Vue de Corte où la constitution Corse fut proclamée en 1735 - DR
Vue de Corte où la constitution Corse fut proclamée en 1735 - DR
« Aujourd’hui, samedi 30 janvier 1735, sous l’invocation de la Très Sainte Trinité, du Père, du Fils et du Saint-Esprit, et de l’Immaculée Conception de la Vierge Marie… »

En Corse, la foi catholique n’est pas une simple « tradition culturelle » : elle fait partie de l’âme du peuple au même titre que la beauté de ses montagnes ou la force de son vent. Dans l’île, la religion ne se vit pas comme un simple « héritage culturel  » mais comme une respiration.Depuis des siècles elle imprègne la langue, les chants, les gestes et jusqu’à la mémoire politique d’un peuple qui s’est voulu libre sous le regard de Dieu et le 8 décembre prochain, alors que le monde catholique célébrera la fête de l’Immaculée Conception, la Corse fêtera A Festa di a Nazione ( la fête de la nation ). Une date vécue peut-être plus intensément ici que nulle part ailleurs, car elle unit foi, identité et liberté dans un même élan. Ce jour-là, le peuple corse se souviendra que son indépendance fut proclamée en 1735, non dans la révolte ou la vengeance, mais dans une prière.C’est à Corte, capitale historique de l’île, que fut promulguée la première Constitution corse, rédigée par l’avocat Sébastien Costa et adoptée le 30 janvier 1735 par la Cunsulta d’Orezza. Ce texte fondateur, d’une portée politique et spirituelle inédite, débute par une invocation religieuse d’une intensité rare :

« Aujourd’hui, samedi 30 janvier 1735, sous l’invocation de la Très Sainte Trinité, du Père, du Fils et du Saint-Esprit, et de l’Immaculée Conception de la Vierge Marie… »
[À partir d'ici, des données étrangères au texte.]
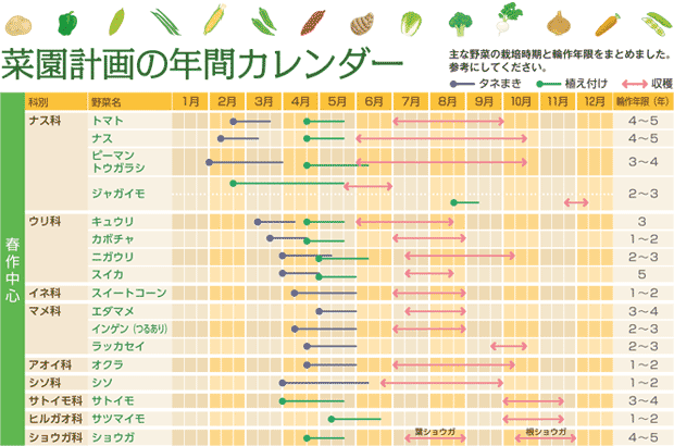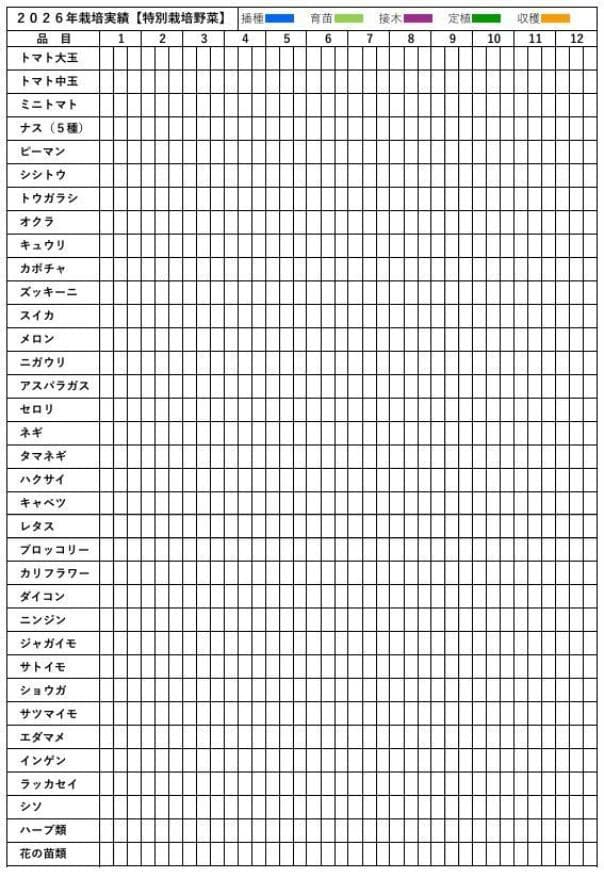 2026年においてはこの栽培計画に記載された野菜を全て栽培するのではなく、一応の目安として参考にしてください。
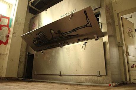 Moi je m’aventurai dans l’aile droite. Il s’agissait de petits laboratoires largement vandalisés et graffés. Je revenais sur mes pas pour rejoindre F et le convaincre de visiter directement le sous sol, là où je soupçonnais que l’on trouverait les salles de dissection et les frigo où les corps avait été entreposés. Effectivement tout ce que l’on pouvait espérer de glauque s’y trouvait. On se serait cru dans un film policier… Là encore F. passa du temps à photographier, captivé par l’ambiance. Je m’éloignait dans la grande salle où se trouvait autrefois les tiroirs à cadavres. La plupart avait disparu mais il en restait quelques uns que je n’aurai pour rien au monde ouvert de peur de faire une macabre découverte. Je me glissais près d’une porte ouverte qui laissait filtrer le soleil. La proximité avec la vie extérieure était rassurante, surtout quand nous entendions à intervalles réguliers des bruits suspects dans le bâtiment. Certainement de l’eau qui ruisselait le long d’une quelconque gouttière, ou bien le pas de revenants. Difficile à dire !
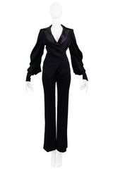 UNGARO BLACK SATIN TRIM SUIT JACKET & TROUSERS
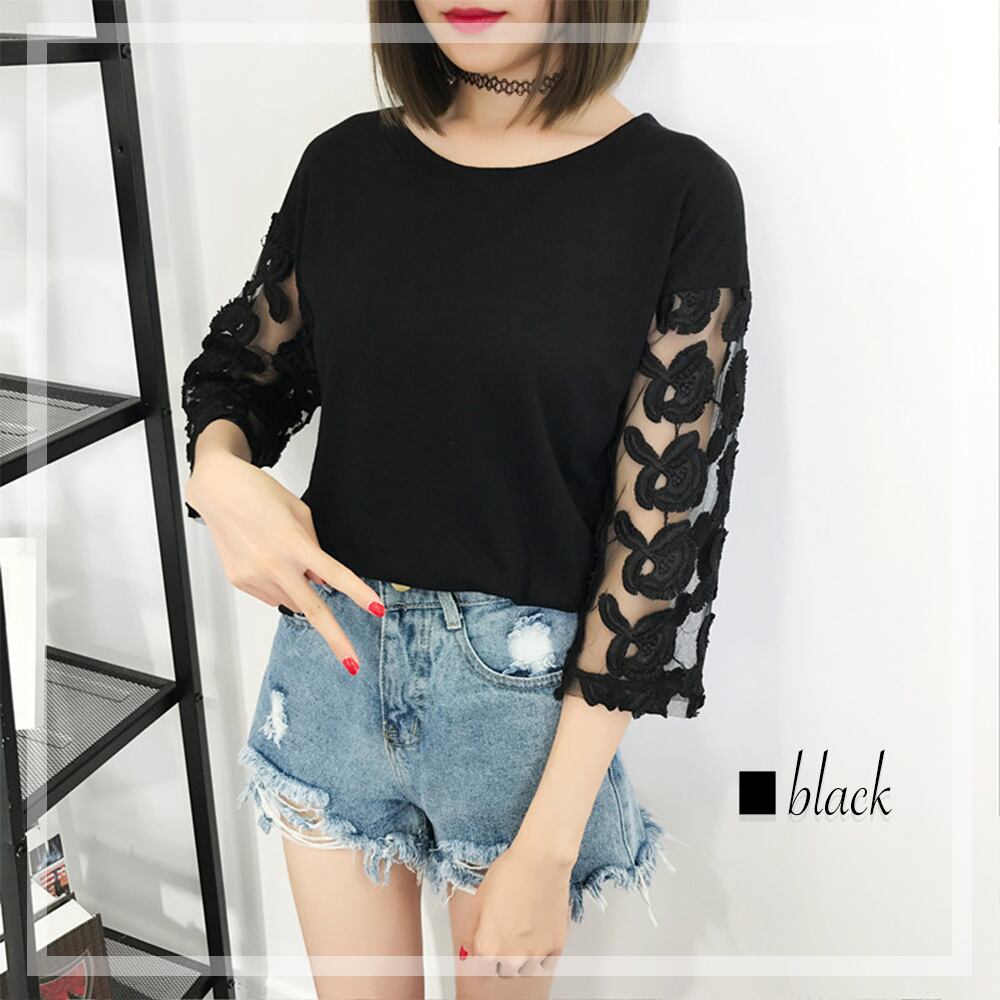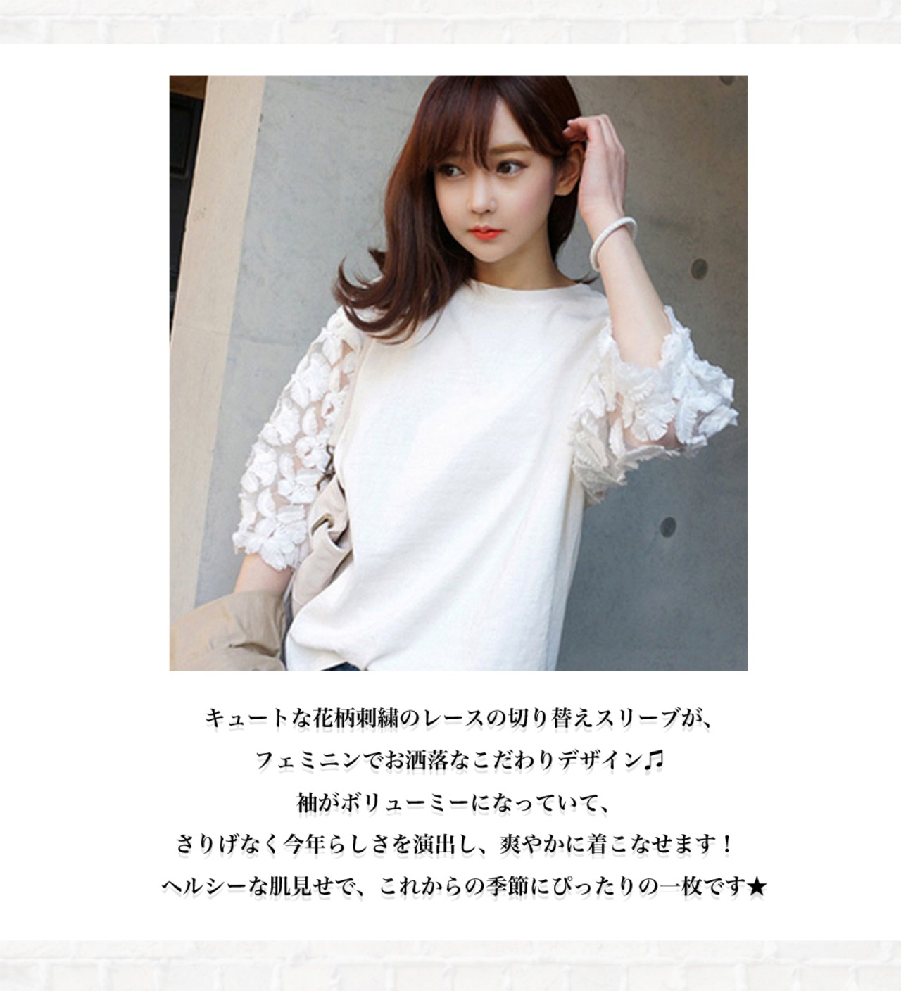 キュートな花柄刺繍のレースの切り替えスリーブが、
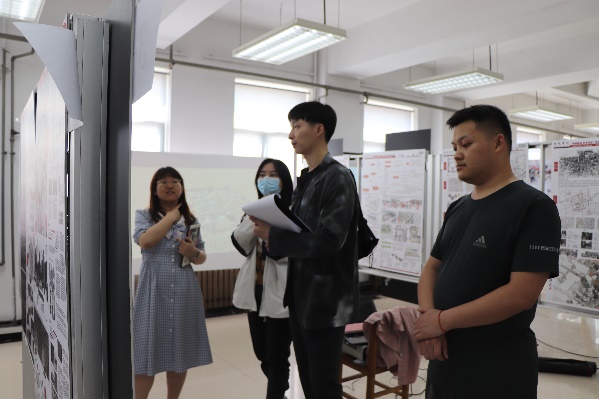 On the scene of the exhibition, graduates from the four universities learned from each other and exchanged professional experience, which ignited a strong academic atmosphere. Students' design works combined with the major, based on reality, focus on practicality and innovation, the design theme shows incisively and vividly. The booth at the event site is divided into 8 groups with the scheme planning and design group as the unit. During the evaluation and exhibition, teachers of each school visited and browsed the graduation design works, and students showed the concept and content of architectural design comprehensively through video, PPT display, drawings display and other ways. The whole process fully demonstrates the students' professionalism and adaptability. The participating teachers highly praised the design of the students and put forward the existing problems and solutions. The public reply was well organized, and the students benefited a lot.
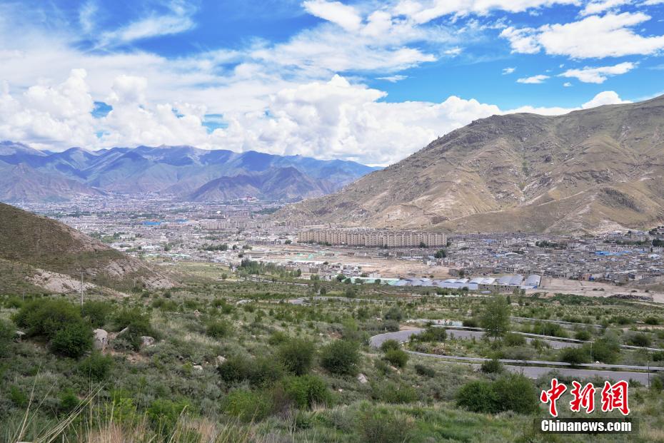 7月16日,從西藏拉薩娘熱溝俯瞰,南北山的綠色植被環(huán)抱拉薩城區(qū)。據(jù)了解,拉薩南北山綠化工程于2021年啟動,東起墨竹工卡縣尼瑪江熱鄉(xiāng),西至曲水縣茶巴拉鄉(xiāng),東西綿延近200公里,計劃完成國土綠化面積206.72萬畝,助力拉薩成為生態(tài)宜居的高原首府城市。中新社記者 張祥毅 攝

L’article premier scelle la vocation spirituelle de la Corse : « Il est décidé que doit être choisie, et nous choisissons, pour protectrice de la Patrie et du Royaume tout entier, l’Immaculée Conception de la Vierge Marie. » Ce texte, proclamé à Corte, fit de la foi catholique la pierre angulaire du destin national corse. L’image de l’Immaculée devait figurer sur les armoiries et les drapeaux, et la fête du 8 décembre, jour de l’Immaculée Conception, devint fête nationale. C’était une alliance entre la terre et le Ciel, entre le peuple et sa protectrice.Bien avant que le pape Pie IX ne définisse le dogme de l’Immaculée Conception, la Corse l’avait déjà gravé dans son droit. Comme le note l’historienne Marie-Thérèse Avon-Soletti, cette ferveur s’expliquait par la forte influence des franciscains, dont la prédication avait enraciné la dévotion mariale dans les consciences. Mais au-delà du contexte religieux, cette Constitution exprimait une vérité plus vaste : en Corse, la foi ne se séparait pas de la vie publique, elle en était la lumière.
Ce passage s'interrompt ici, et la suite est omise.